Papertape winder/reader
Papertape winder/reader

Technical design of the SCRIBOPHYL

The following units can be distinguished in the drawing (numbering at the top right of each of the blocks):

  • Input (no. 1, 2, 3 en 4)
  • The code converter (no. 5, 6, 7, 8, 9, 10 and 11)
  • The electric typewriter and controller (no. 12 en 12a)
  • The system clock with control (no. 13)

The input consists of:

  1. The paper tape reader (No. 1) with a reading speed of up to 25 characters/second mechanically scanned the tape. A punched hole was placed in a register as a high signal (a ‘1’). A blank part (no punched hole) was accommodated as a low signal (a ‘0’). The papertape reader was provided with a “tape-out” contact. The SCRYBOPHYL could thus be stopped.
  2. The punch tape rinsing machine (no. 2) provided the supply and discharge of the paper tape to be read to and from the read head. The device was also equipped with a tight-band contact. This stopped the SCRYBOPHYL when the punched tape feed failed.
  3. Control of the paper tape reader (No. 3).
    The transport speed of the reader was determined by the maximum speed of the electric typewriter (10 characters/s).
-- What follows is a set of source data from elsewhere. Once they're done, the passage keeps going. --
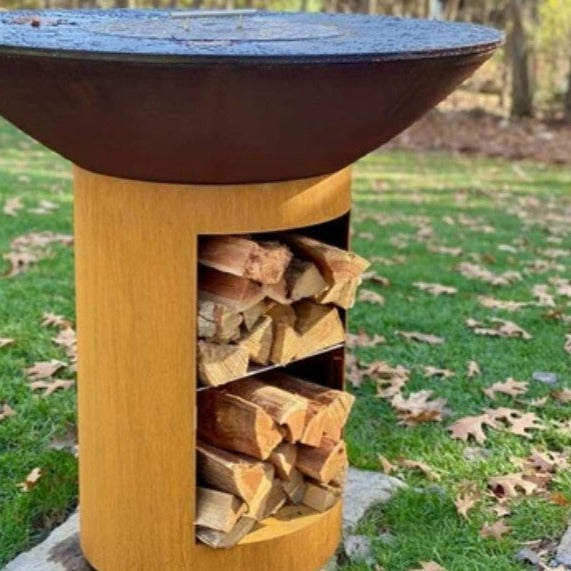 The Arteflame Classic 40" grill with tall round base is also available with storage.  It has the same sleek look with outstanding functionality.  Building a wood or charcoal fire in the center of the grill, the cook top heats from the center out. This heat pattern results in higher cooking temperatures closer in as compared to the outer edges so a variety of foods can be cooked at various temperatures all at the same time. When not in use as a grill, Arteflame can also be enjoyed as a fire bowl with the cooktop on or off, providing warmth and a social and serene ambiance.
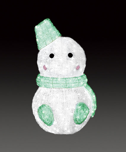 ●ゆるキャラのような可愛らしいスタイルのイルミネーションです。淡い色で着色したバケツの帽子にマフラー、手袋、スノーマンがこんなに可愛らしいイルミネーションになりました。
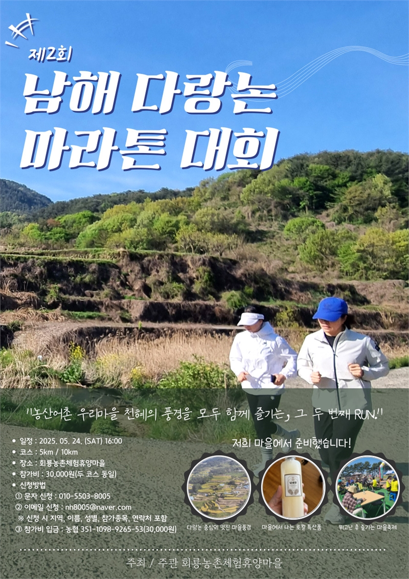 이정만 회룡농촌체험휴양마을 위원장은 “제2회 남해 다랑논 마라톤 대회에서 멋진 봄날의 추억과 함께 달리기의 낭만을 즐기시길 바란다”고 밝혔다.

The controller for the reader gave 10 pulses/s when reading 5-bit punched tapes and 20 pulses/s when reading 10-bit (Baudot-code) punched tapes. In the case of paper tapes in Baudot code, the other character was read (in the register). The code card in use (number 7 in the diagram) sets the speed of 10 or 20 pulses/s. Also driven by the code card, the system clock with its control (number 13) provided the impulses to control the paper tape reader.
  4. The read register (nr. 4):
    The system clock with control wrote the read characters in the read register. For the Baudot code, only the characters of the selected channel were read. The read register and the shift memory jointly set the relay tree (number 5).
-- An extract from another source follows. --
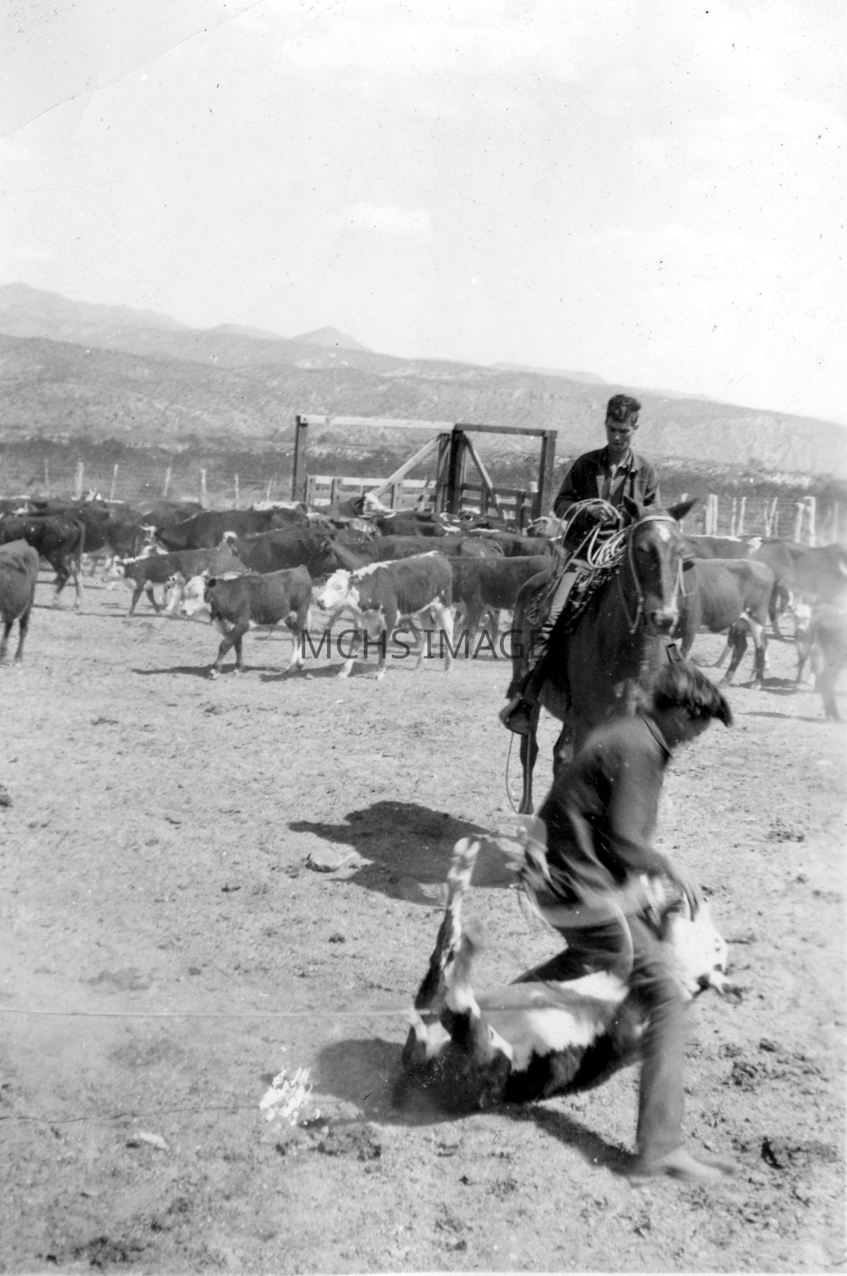 Two cowboys branding calves

The code converter consists of:

  1. Relay tree (No. 5): The relay tree converted the 6-bit information for a connection from the typewriter controller (No. 12a) to one of its outputs. With that, an impulse appeared, generated by the typewriter control at this output.
  2. Selector switches (No. 6) that connect the outputs of the relay tree to the inputs of the selected code card (one of the four slots). The code card selection was done with one of the push buttons on the right side of the control panel.
  3. Code cards (nr. 7):
    • The code card connected the relay tree outputs to the write coils of the typewriter. The connections on the code card were made in such a way that the correct letter or number was printed on paper.
    • The code card has a fixed program setting, which determines the type of code to be processed. The following program settings could be included on a code card:
      • Baudot code / no Baudot code. After choosing the Baudot code, the paper tape reader read at an increased speed of 20 characters/s. One channel was then read. The corresponding codes for letters and numbers resulted in the output of a space.
      • Latin / Russian. In the “CRYPTO” position, wagon functions in the Latin telex code were converted to Russian characters. The carriage functions and the “five work” of the Russian alphabet were in turn replaced by Latin characters.
      • ST35 code / no ST35 code. With an ST35 code, a mark was made when switching from Latin to Russian alphabet and vice versa.

      In the attached table the numbers of the outputs on the code cards indicate which letter, number or car function they belong to.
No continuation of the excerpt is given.